The average score on the items concerning the women’s intention to be vaccinated during pregnancy and to have their children vaccinated was 35.46 before the intervention (95% CI 33.62-37.30) and 42.57 (95% CI 41.31-43.82) after the intervention. The paired-sample t-Test showed significant differences between the mean pre-intervention and post-intervention scores (t = 7.36, p < 0.001).
The participants’ self-assessment of their level of knowledge of vaccinations changed significantly with the educational intervention, as shown by the reduction (from 43% to 13%) in answers indicating a low level of knowledge (poor/insufficient level).
Table IV shows the effectiveness of the educational intervention in modifying attitudes towards some of the most frequent fake news regarding vaccination. The average score on the questions that investigated the women’s opinion of the most frequent fake news about vaccines was 17.45 before the intervention (95%CI 16.51-18.39) and 22.47 (95%CI 21.63-23.32) after the intervention. The paired-sample t-Test showed a significant difference between the two averages (t = 10.61, p < 0.001).
Tab. IV.
Yes | No | Don’t know | No response | |||||
---|---|---|---|---|---|---|---|---|
Pre* | Post° | Pre* | Post° | Pre* | Post° | Pre* | Post° | |
The effectiveness of the vaccines has been scientifically proven | 174 | 190 | 6 | 5 | 30 | 4 | / | 2 |
Autism could be caused by vaccinations | 25 | 9 | 92 | 169 | 90 | 21 | 3 | 2 |
The substances contained in the vaccines are dangerous for humans | 24 | 12 | 118 | 169 | 68 | 17 | / | 3 |
Unvaccinated children are more resistant to infections | 25 | 19 | 143 | 160 | 42 | 19 | / | 3 |
The administration of multiple vaccines at the same time may be harmful to my child’s health | 57 | 32 | 66 | 141 | 78 | 23 | 9 | 5 |
The side effects of the vaccines worry me | 83 | 56 | 70 | 115 | 48 | 25 | 9 | 5 |
Vaccines are mainly a lucrative business for the pharmaceutical industries | 34 | 17 | 111 | 148 | 56 | 32 | 9 | 4 |
I have seen / heard of severe side effects of the MPR vaccine | 41 | 36 | 70 | 125 | 90 | 32 | 9 | 8 |
I have seen / heard of severe cases of measles | 100 | 110 | 30 | 54 | 70 | 29 | 10 | 8 |
I prefer my child to catch measles naturally rather than to be vaccinated | 15 | 18 | 142 | 162 | 44 | 16 | 9 | 5 |
Legend:
Pre*= 210 women;
Post°= 201 women.
Discussion
This study yielded information on pregnant women’s knowledge about vaccination preventable infectious diseases and their attitude towards vaccinations. Moreover, it provided a measure of the impact and the effectiveness of an educational intervention held by health personnel. Indeed, this survey was conducted by administering pre- and post-intervention questionnaires. Questionnaires filled in before and after the educational intervention were subjected to a comparative assessment of the same answers.
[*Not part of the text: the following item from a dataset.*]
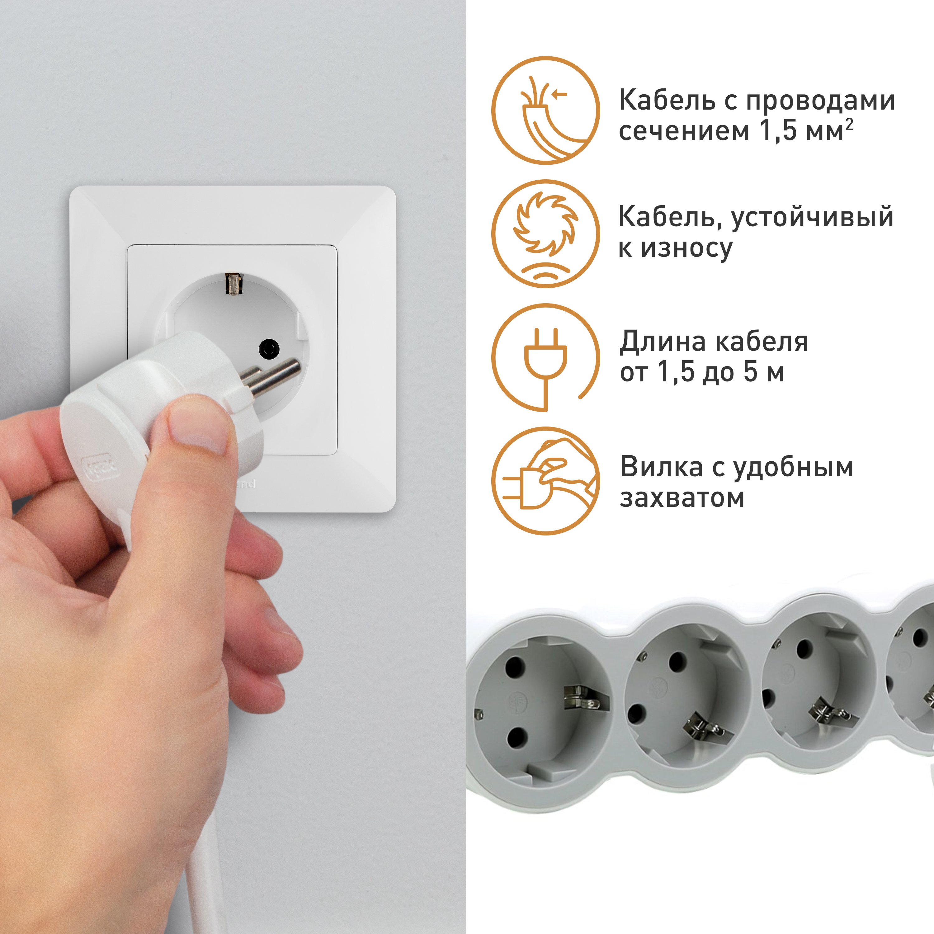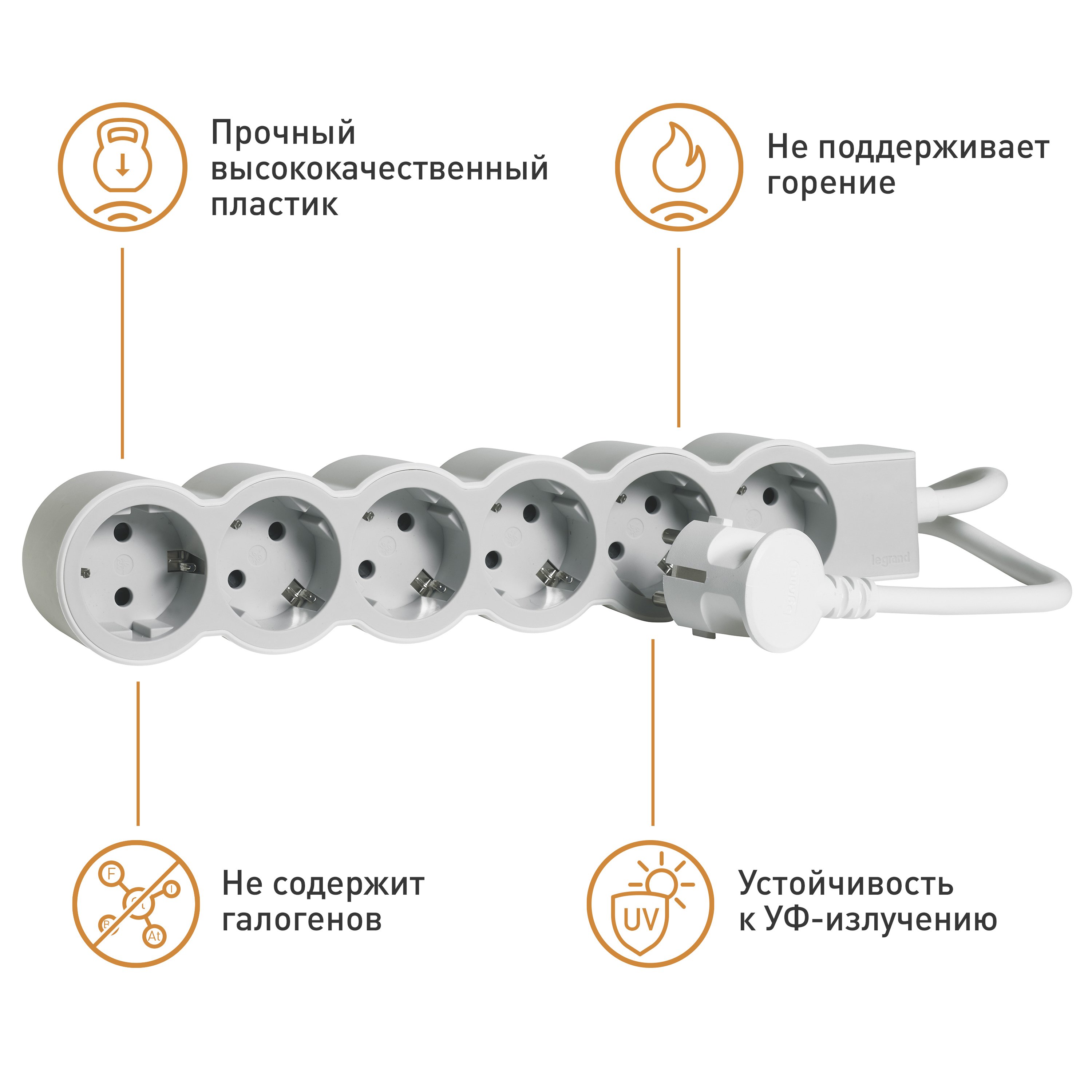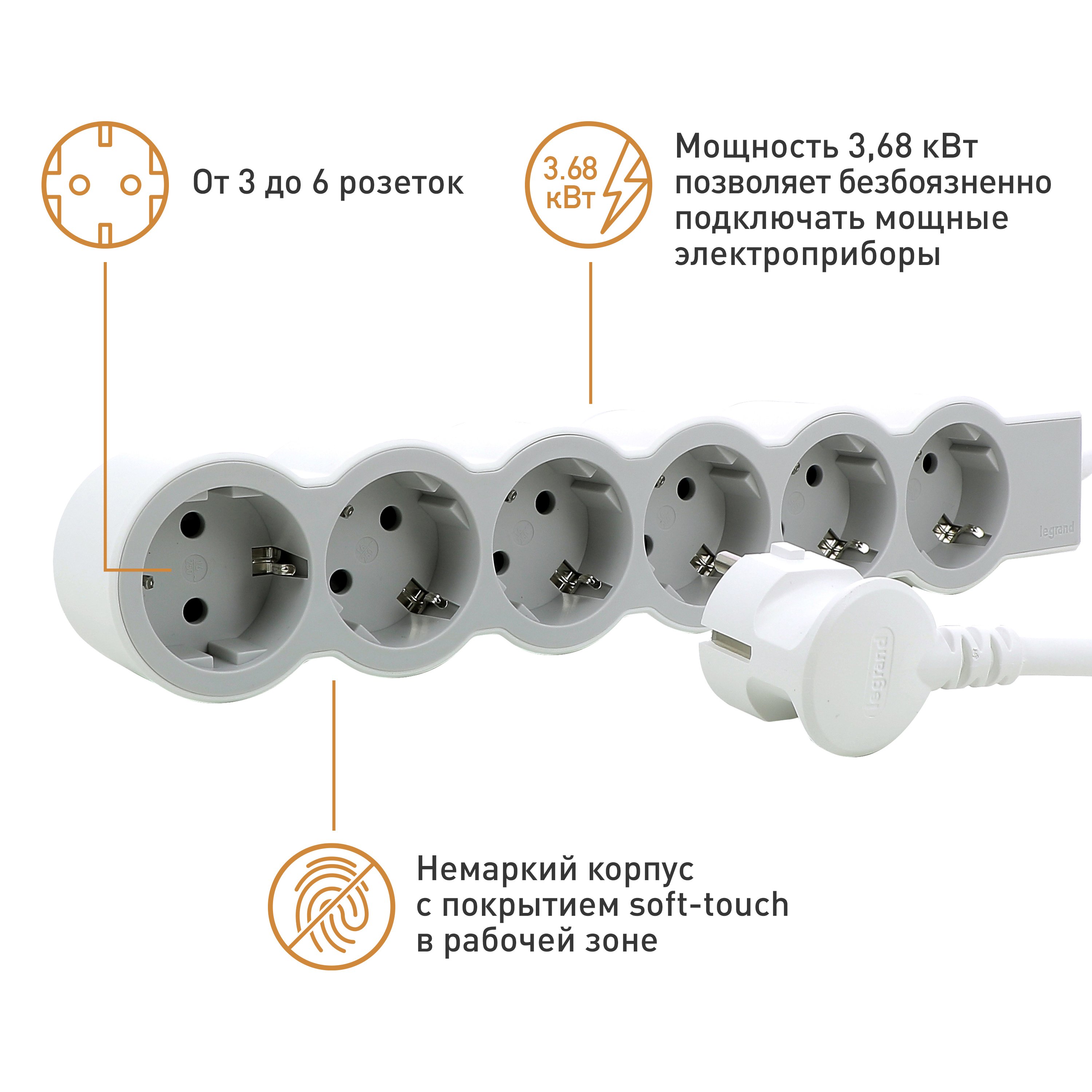 Legrand Revolution Стандарт Бело-серый Удлинитель 6x2К+З, кабель 3м от производителя Legrand. Артикул производителя 694565.

Participation in the initiative was very good and “compliance” was excellent, in that the vast majority of participants answered all the questions. The level of education of the women enrolled ranged from medium to high. The most used sources of information about vaccinations were word of mouth and the mass media, while general practitioners and specialists (paediatricians and gynaecologists) were rarely consulted. These results are in line with census data on parents aged between 35 and 55 years [19].
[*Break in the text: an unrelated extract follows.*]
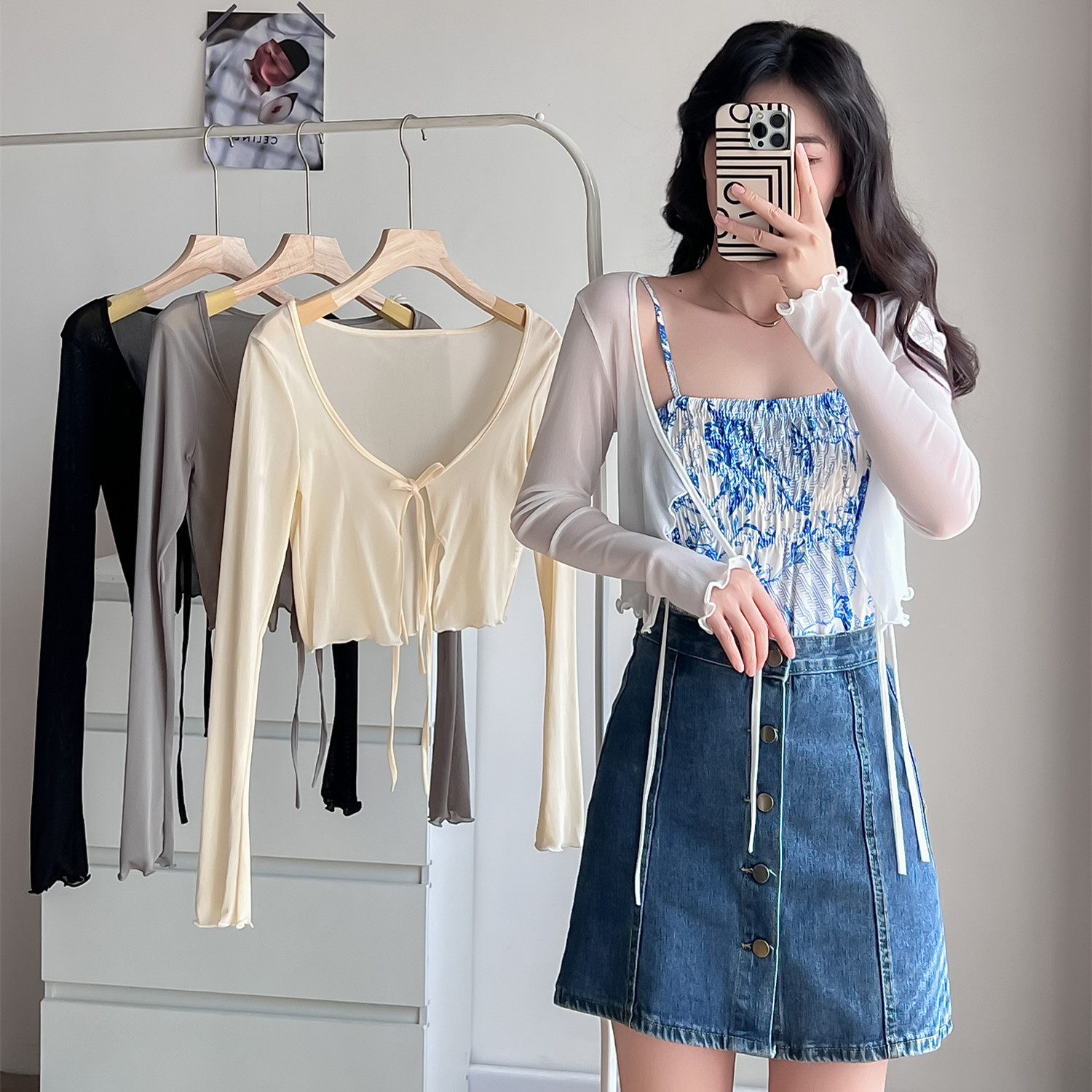 Sunscreen cardigan thin women's summer shawl outer cover with camisole dress mesh ice silk small camisole jacket
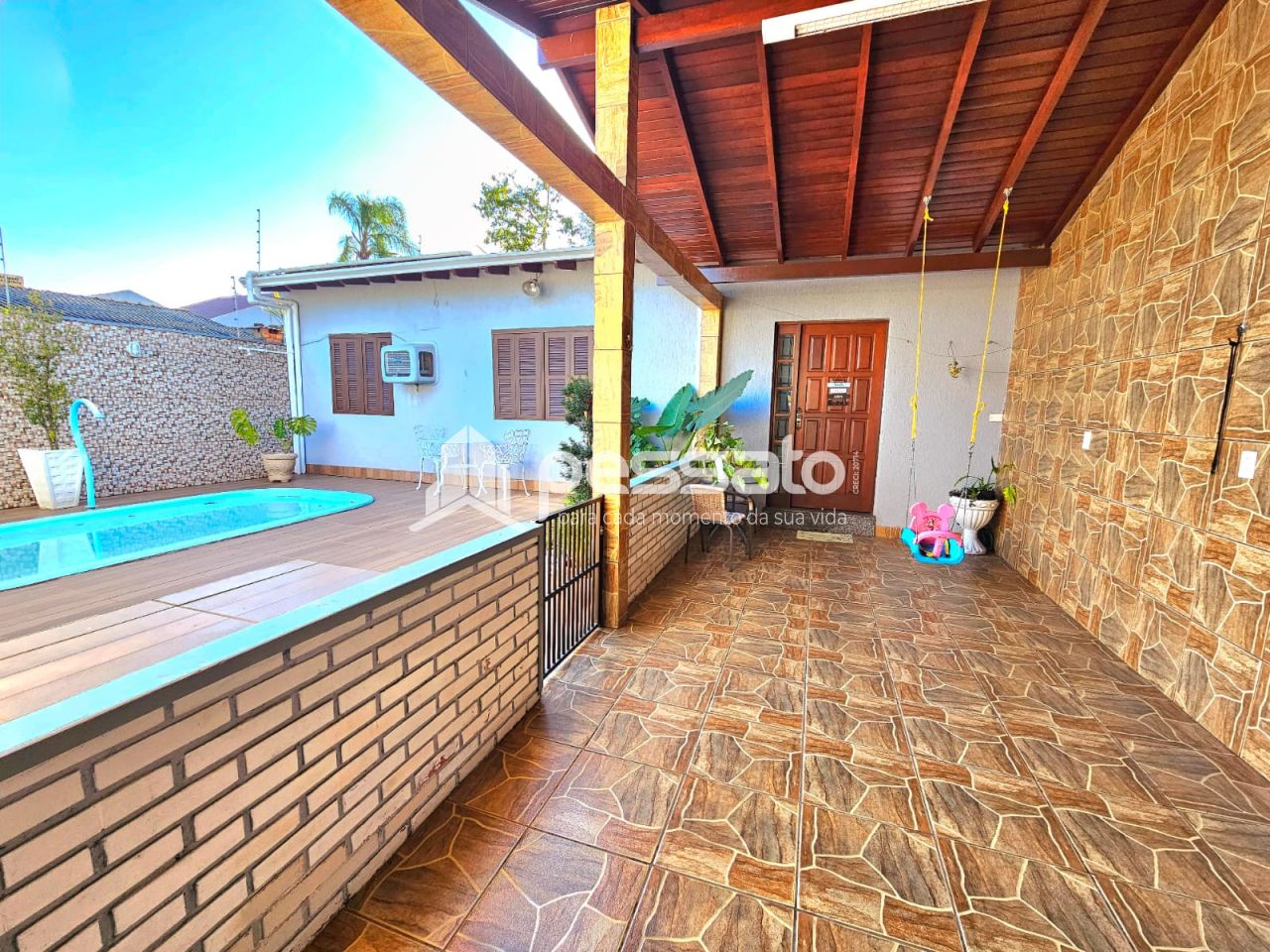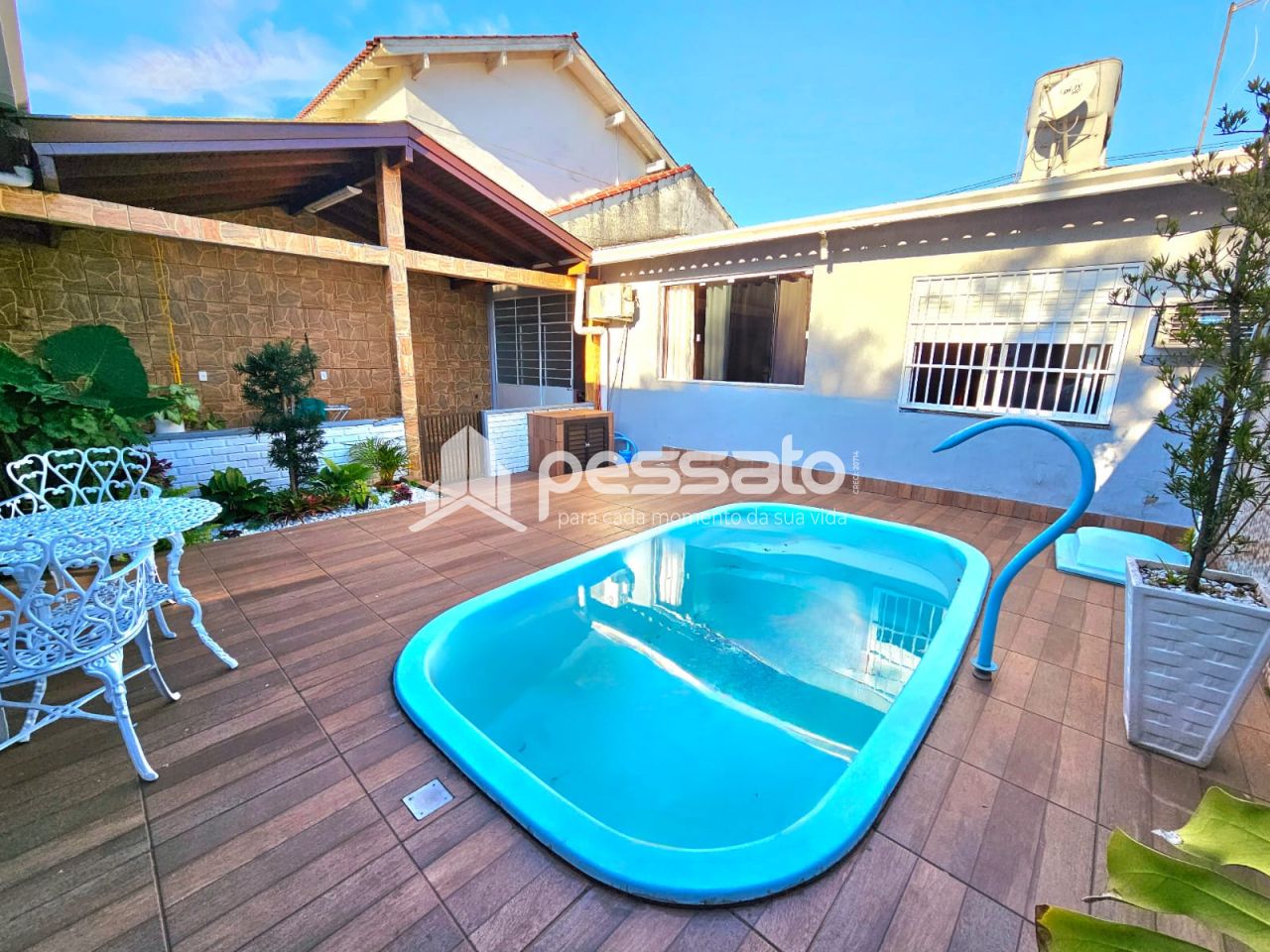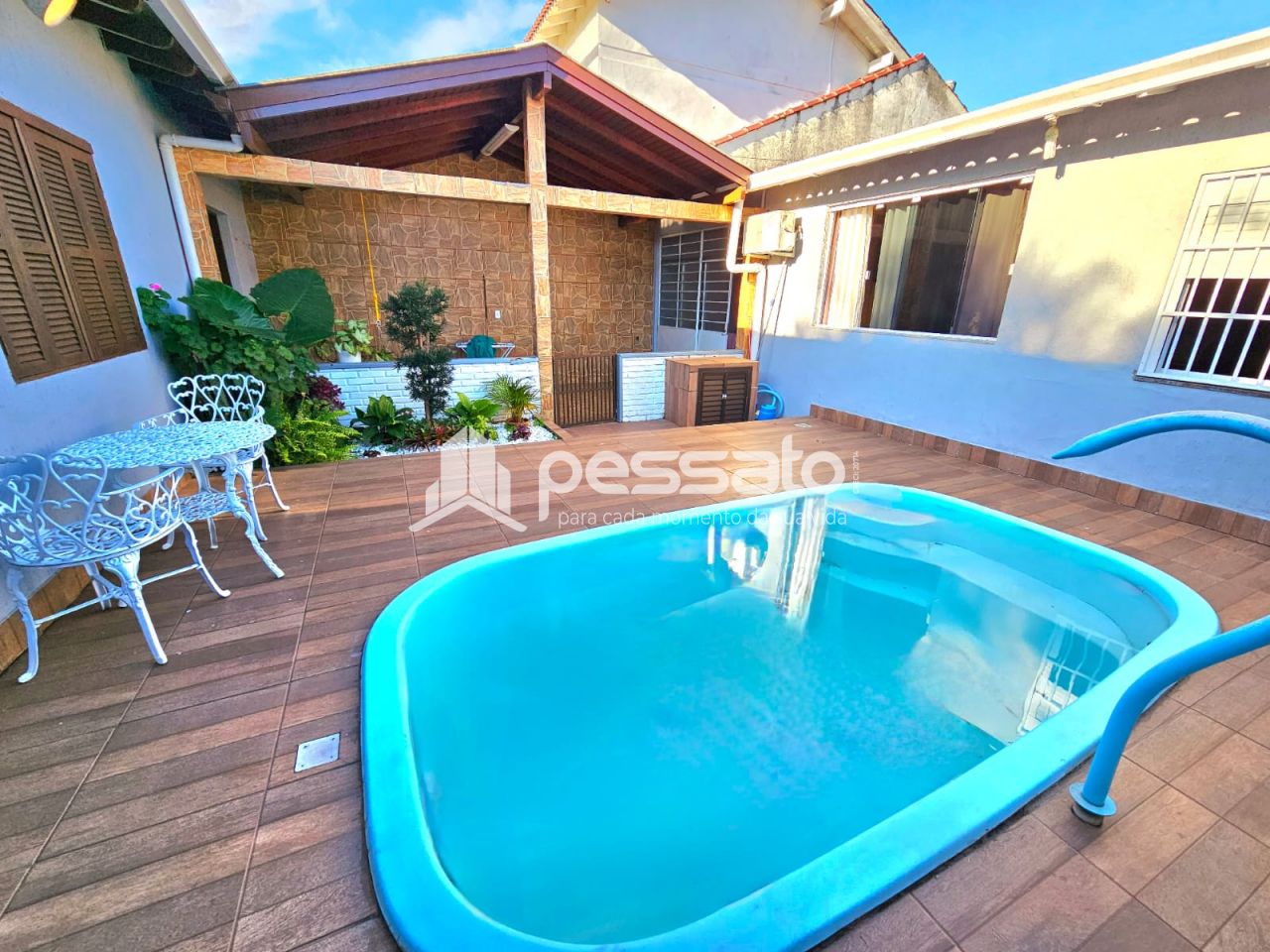 Este imóvel conta com 03 dormitórios, sendo 01 suíte, sala de estar, sala de jantar, cozinha, banheiros social, lavanderia, espaço amplo com deck e piscina, churrasqueira e garagem coberta para 03 carros.

The educational intervention carried out in our project had a positive impact: after the intervention, the percentage of women who considered their level of knowledge of vaccines to be poor or insufficient had decreased significantly.
Prejudices against vaccinations during pregnancy, due to false beliefs, emerged from the comparative assessment of questions relating to the intention to be vaccinated during pregnancy. Indeed, the percentage of women favourable to vaccinations significantly increased, underlining the effectiveness of a qualified educational approach. Furthermore, before the educational intervention, answers to the question regarding experiences of post-vaccination side-effects revealed the existence of many false beliefs about vaccines. Indeed, 32 women (15%) claimed to have had direct or indirect personal experience of one or more post-vaccination side-effects, specifically, autism, pain, meningitis, measles, malaise, swelling, fever, vomiting, drowsiness, visual disturbances, deafness, fainting, arm stiffness, adenoid problems, psychomotor deficiency, diarrhoea, poliomyelitis, fulminant leukaemia, and arm infection. In the post-intervention questionnaire, however, the reported number of personal negative experiences, direct or indirect, following the MMR vaccination was seen to have decreased. In theory, this should not have been influenced by the intervention; the higher number of experiences reported in the pre-intervention questionnaire was therefore probably due to conditioning linked to false beliefs or “fake news” rather than to real personal experiences.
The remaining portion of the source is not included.